Jean-Yves Empereur (/fr/; born 1952) is a French archeologist. He studied classic literature in the University Paris IV Sorbonne (DEA, CAPES, Agrégation de lettres in 1975, Doctorat in archeology in 1977).

He is a former member (since 1978) and general secretary (1982–2000) of the École française d'Athènes. He conducted some excavations, including some submarine ones, in Greece, Cyprus and Turkey, on the sites Thasos and Amathus.

He is a researcher from the CNRS, director of the Centre d'études alexandrines (CEA) - Alexandria Studies Center that he founded in 1990, and since then he has led archeological research in Alexandria on earth and underwater.

==Archeological excavations==
Empereur conducts emergency excavations in the Alexandria town center. The modern city was built over the ancient one, which means that the archaeological excavations become possible only when older buildings are taken down for civil works, for example. As an example of this recovery work, beautiful mosaics can be enjoyed at Diane field, a Roman villa from the 2nd century.

In 1993, a dyke was to be built on the supposed site of the lighthouse of Alexandria. Empereur, Jean-Pierre Corteggiani, and around thirty scuba divers then attempted a rescue operation by starting some excavations in a 2.25 ha zone situated north-east from Fort Qaitbay.

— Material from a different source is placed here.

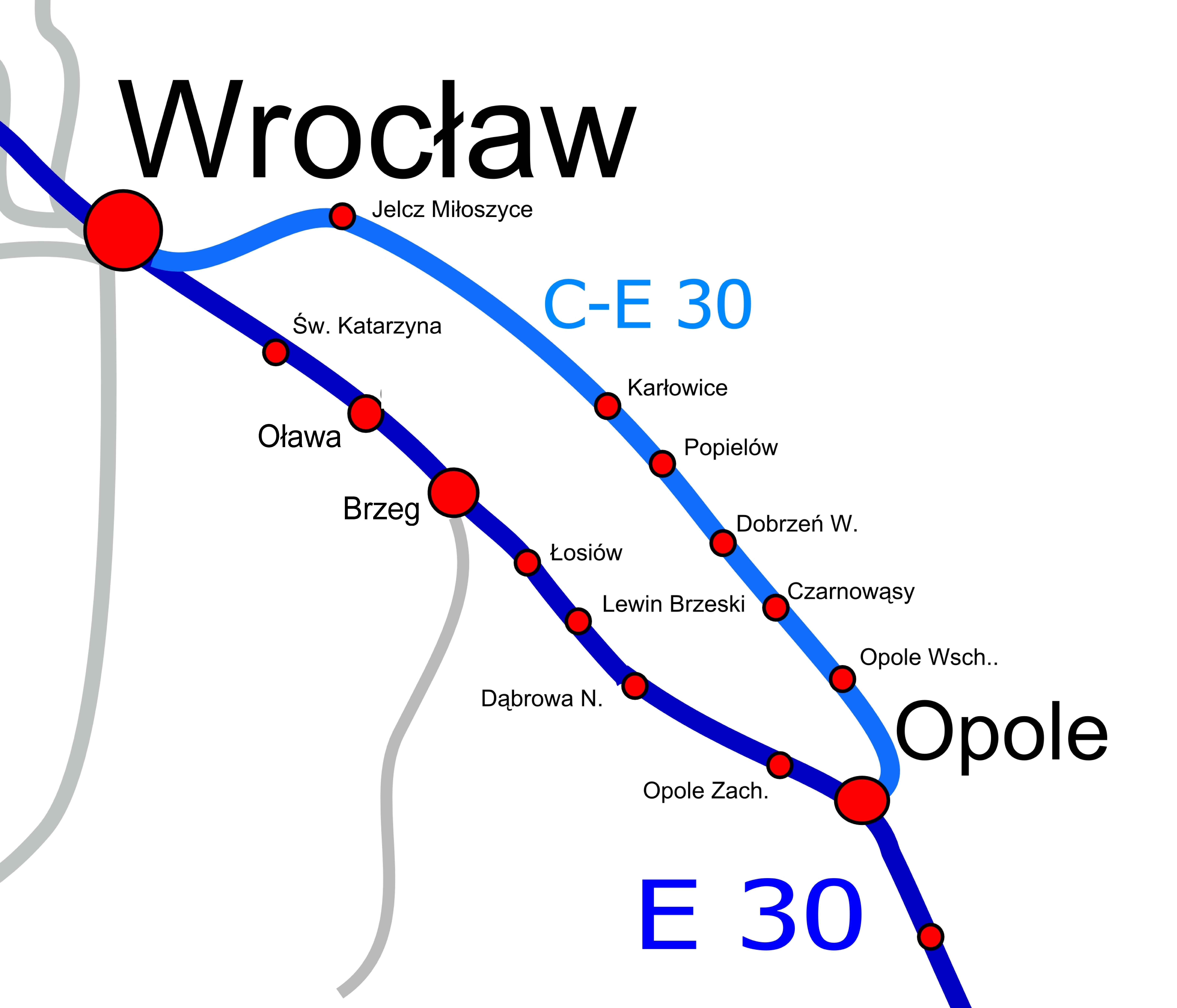 Za blisko 24 mln zł będą wykonane projekty dla przyszłych prac na linii kolejowej Wrocław – Opole przez Siechnice, Jelcz, Popielów (C-E 30). Trasa będzie zaplanowana tak, by były sprawniejsze podróże oraz efektywniejszy transport towarów koleją. Przyszła inwestycja odciąży ruch na kolejowej magistrali, łączącej Wrocław z Opolem przez Brzeg.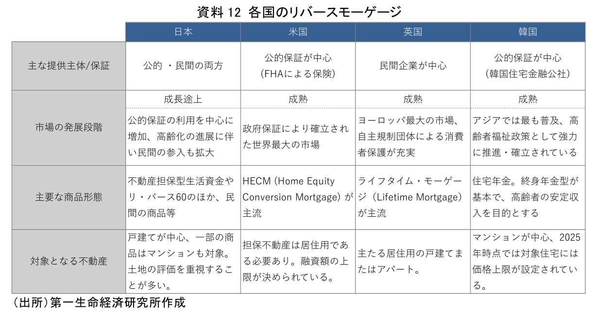 アジアで最もリバースモーゲージが普及しているのは韓国である。韓国では、年金制度での高齢者のカバー率が高くなく、彼らの収入を安定させる制度として、政府が韓国住宅金融公社を提供主体としたリバースモーゲージ制度「住宅年金」を発足させた。住宅年金は、利用対象は55歳以上、2024年時点では居住する住宅価格が12億ウォン以下であること、となっている。融資は基本的に終身年金で受け取り、融資期間中の元利返済はない。韓国では、高齢者世帯のほとんどが住宅を保有しており、その多くがマンションであるため、住宅年金もマンションを対象に普及している。 日本では、1981年に武蔵野市が開始した「福祉資金貸付事業」がリバースモーゲージの始まりである。これは、1年以上武蔵野市に居住する高齢者を対象に、戸建て・マンションを担保として、武蔵野市福祉公社の有償住宅サービス(ソーシャルワーカーと看護師の訪問、家事援助サービス、食事サービス等)の利用料を融資するものであった。その後、一部の自治体などが同様の制度を発足させたほか、民間金融機関等がリバースモーゲージに参入して広がりを見せたものの、リコース型の商品であったことから、バブル崩壊後の担保割れリスクなどにより、リバースモーゲージの普及は一時停滞することとなった。2000年代に入り、高齢化の進展と住居資産活用の必要性からリバースモーゲージが再注目され、2007年に住宅金融支援機構が「リ・バース60」の提供を開始、民間の参入も徐々に拡大しており、リバースモーゲージの普及が進んでいる最中である(資料12)。

Until 1996, these excavations in Alexandria harbour led to the discovery of many archeological remains: 5,000 architectural blocks weighing up to 75 tons, columns, capitals, huge broken statues, a dozen sphinxes, and above all the indisputable remains of the lighthouse itself. A 12-metre door made of Aswan granite was virtually reassembled. Some gigantic statues that used to stand against the lighthouse, representing Ptolemaic kings and queens, were found right next to their pedestal. Empereur hopes that in the future this marvellous site will be open to amateur scuba divers.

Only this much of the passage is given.